Iris recognition edges fingerprint, face and palm biometrics for most willing use by UK consumers
 

Biometric iris or retina recognition is the modality with the highest number of people in the UK willing to use it, at 62 percent, according to a survey from Equifax, edging out fingerprint recognition (61 percent) and facial and palm recognition (57 percent each).

The online poll conducted by OnePoll, however, also shows that 54 percent have tried or even regularly used fingerprint biometrics, and 78 percent of 18 to 24-year olds have done so.

After face and palm recognition, voice recognition is palatable to 55 percent, 51 percent would use handwriting biometrics, and 49 percent would be willing to use DNA biometrics, followed by heartbeat recognition (45 percent) and keystroke recognition (44 percent) as the least popular forms of biometrics.

Only 32 percent say they have tried or regularly used facial biometrics for verification, and 29 percent say they have used voice recognition. The younger age group is also more likely to acknowledge having used voice recognition (43 percent).

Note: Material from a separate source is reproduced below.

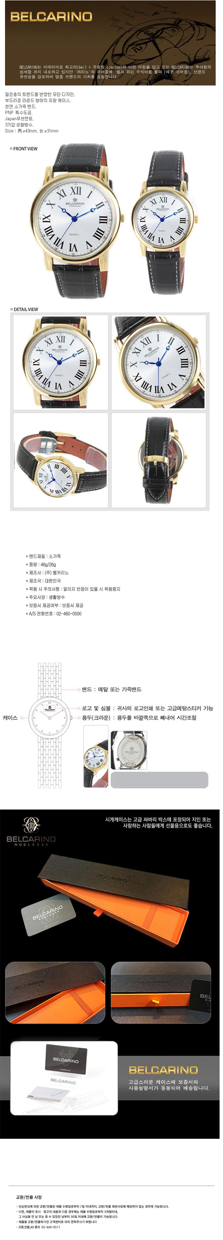 벨카리노 금장화이트 원형 손목시계(BC6100G M/F)

“It’s encouraging to see a healthy openness to try new forms of identification verification. Biometric verification is safer and less fallible than traditional, knowledge-based verification, and its future development and success will be an important pillar in the fight against online financial fraud,” Equifax Head of ID & Fraud Keith McGill. “People will accept and adapt to technology that makes their lives easier and their finances more secure. However, developers, while making huge technological strides in their field, must be mindful of educating consumers on the inherent benefits biometric verification offer to build public trust and accelerate its mass adoption.”

A recent market report suggested iris recognition will grow at a healthy 18 percent CAGR from 2019 to 2024.

Equifax is among organizations pushing for biometric authentication to replace passwords in order to stem the flow of data breaches.